Yale senior Esteban Elizondo penned a column for the New York Post last week, accusing his leftist peers of having “protester derangement syndrome.” Elizondo accuses his peers, for example, of having an irrational fervor for the censoring of politically incorrect art.

Breitbart News reported in August that Yale has continued to censor a piece of artwork on campus that depicts the conflict between early American settlers and a Native American. Officials at Yale had previously moved to modify the artwork to remove the settlers’ musket.

Elizondo claims that his peers, although they are live lavishly at Yale, behave as if they were members of an “oppressed religious cult.”
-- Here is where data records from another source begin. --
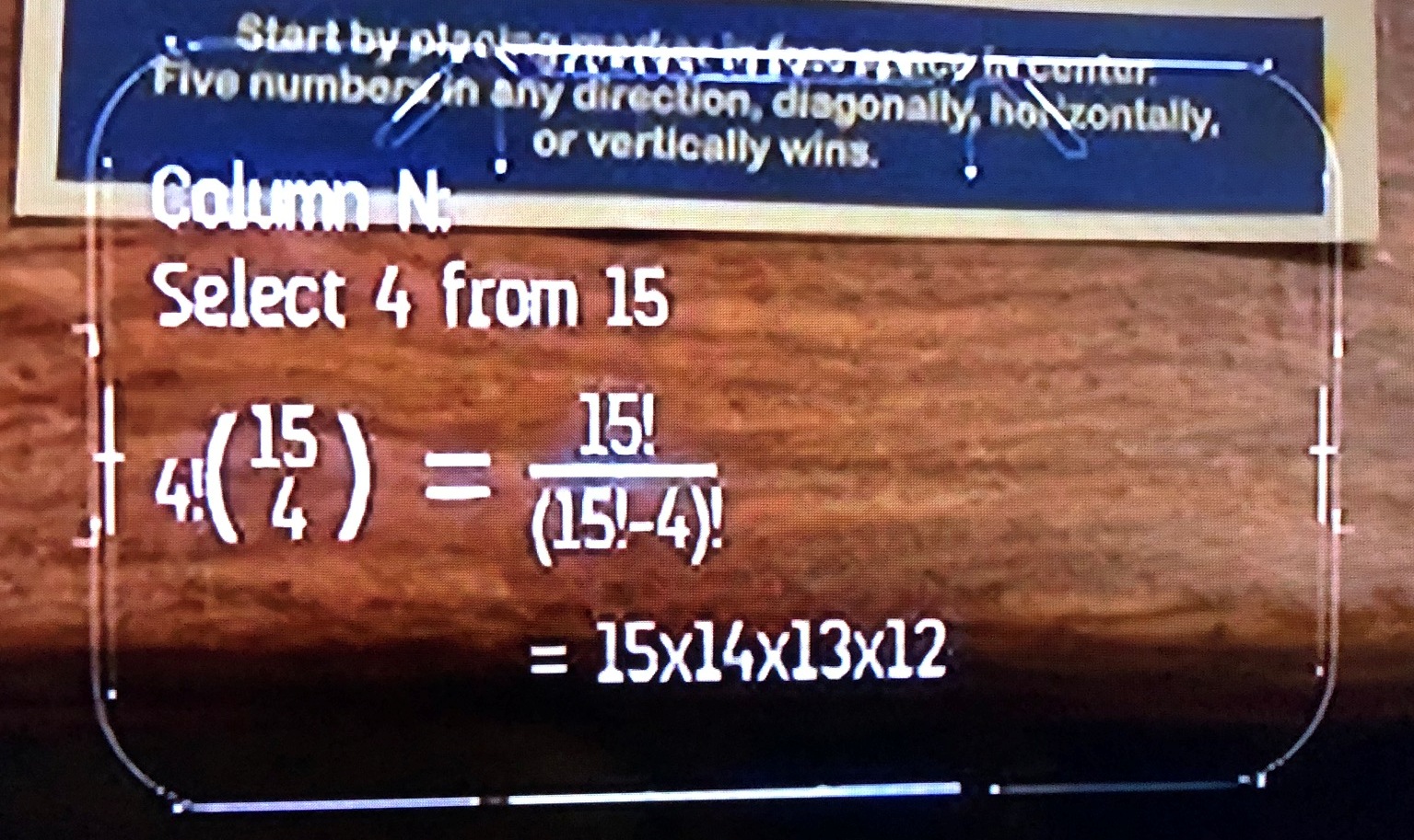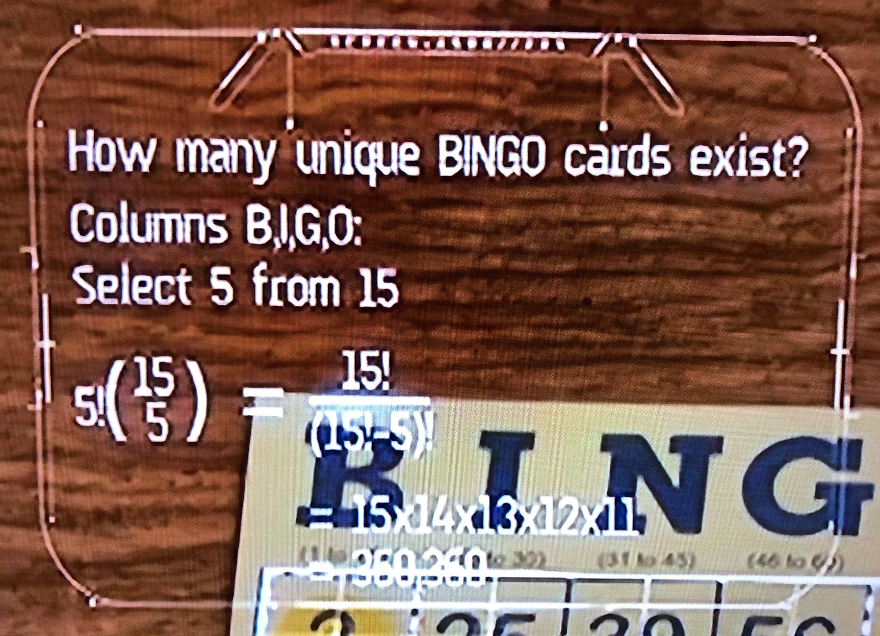 首先,我来介绍一下排列数。这意味着不仅数字重要,它们在卡片上的顺序也很重要。对于 B、I、G 和 O 列,可能的排列数为 permut(15,5) = 15!/(15-5)! = 15*14*13*12*11 = 360,360。对于 N 列,排列数为 permut(14,4) = 15!/(15-4)! = 15*14*13*12 = 32,760。因此,宾果卡的排列总数为 360,360 (4 × 32,760) = 552446474061128648601600000。
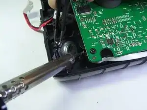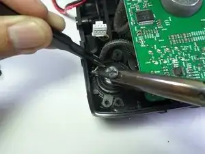 Отпаяйте чёрный соединительный провод паяльником.
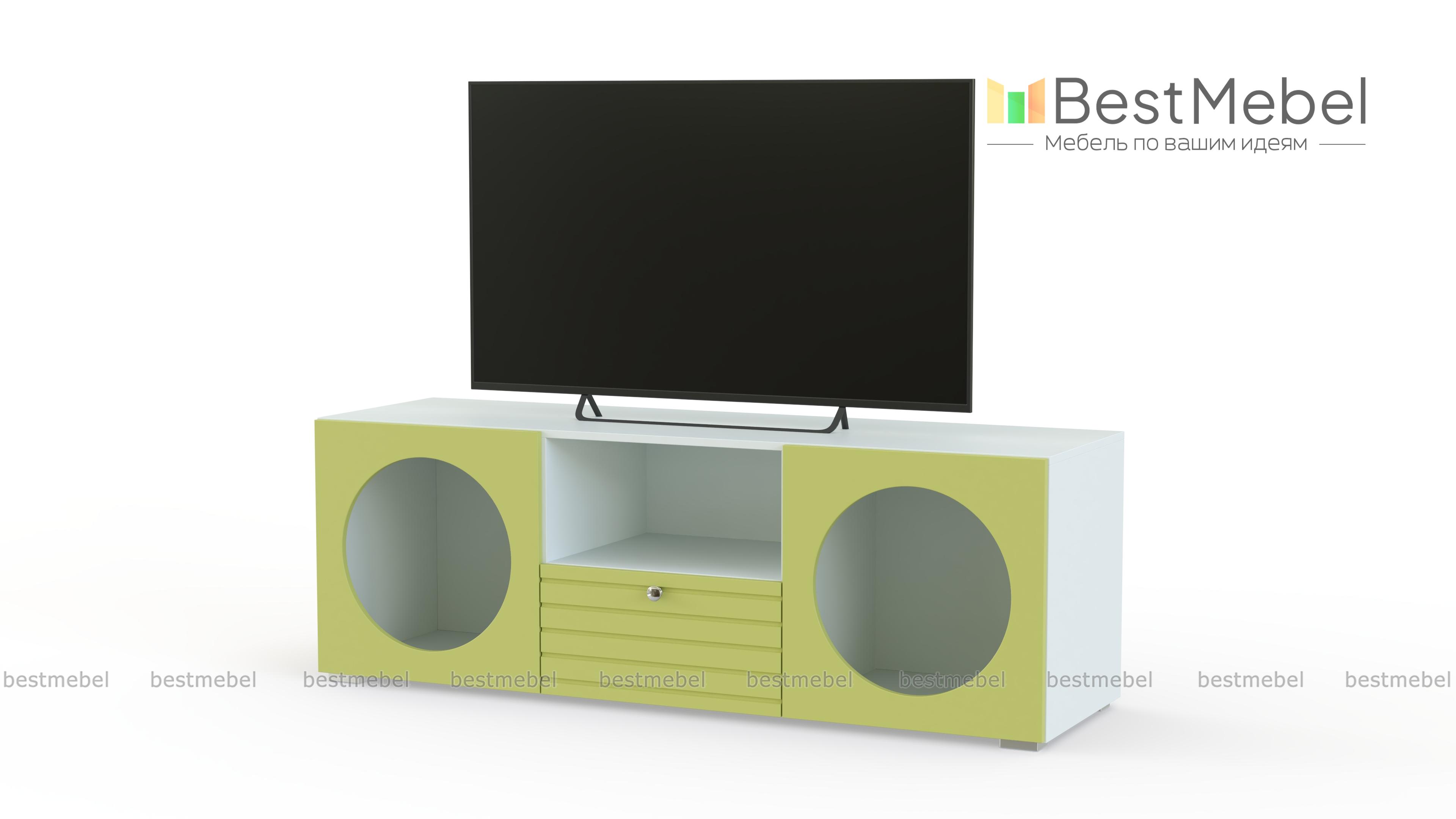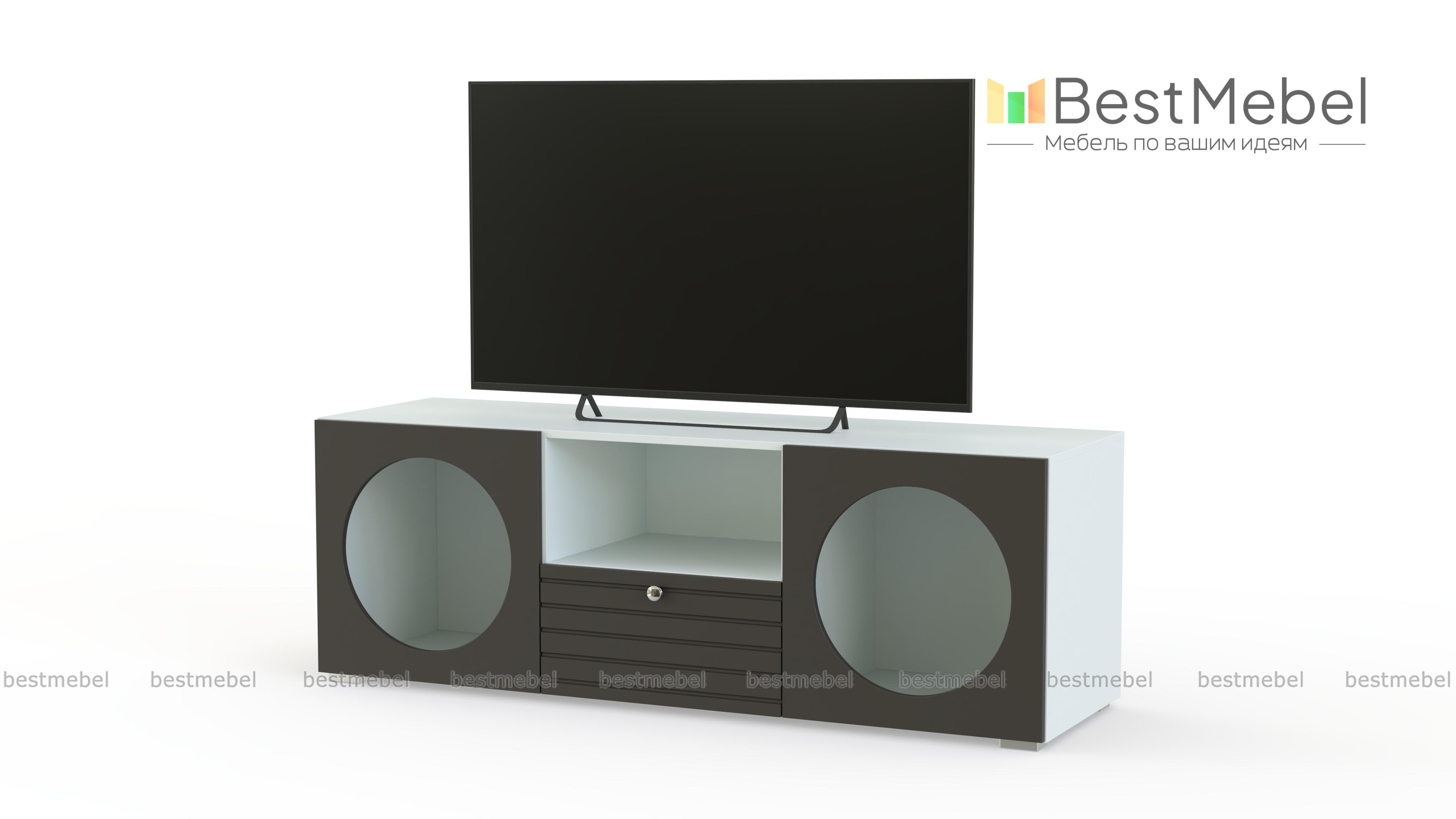 Тумба под ТВ Авелин 5 BMS — это стильная геометрия в отделке, оптимальные для небольшой квартиры размеры и удобный функционал. Ниша для мелочей и фрезерованный выдвижной ящик в центре тумбы дополнены двумя просторными секциями с круглыми вырезами. Необычные открытые полки идеальны для размещения книг и пластинок, посуды и интерьерных украшений. Купить тумбу под ТВ Авелин 5 BMS вы сможете в нашем интернет-магазине с размерами, фурнитурой и цветовой гаммой на выбор.

Yale students enjoy luxuries akin to European aristocracy. Students live in resort-style housing that includes lavish feastsmassage parlors and recreational spaces that boast everything from a printing press to a pottery studio. However, Yale students afflicted with PDS display derangement symptoms similar to an oppressed religious cult. They refuse to interact with the world around them. They have demanded the buildings be renamed. They support the desecration of art. They sanitize history by demanding professors exclude certain authors from syllabi.

Elizondo compares “protester derangement syndrome” to chickenpox in that it only “flares up” during periods of the academic year in which students have little to do. He then referenced an infamous encounter between Yale Professor Nicholas Christakis and a leftist student activist. The student screamed at Christakis because his wife, also a Yale professor, had argued against the existence of official university guidelines on acceptable Halloween costumes.

Perhaps luckily for the non-afflicted population, PDS is similar to chicken pox: It usually lies dormant for a while. Generally, symptoms only flare up during low-intensity academic periods when students have little else to do. The hunger strike began during Dead Week (the last week of classes before reading period), and the time when dozens of Yale students mobbed and verbally assaulted a tenured professor, leading to his and his wife’s resignation in 2016, occurred during Halloween, one of the least stressful times at Yale.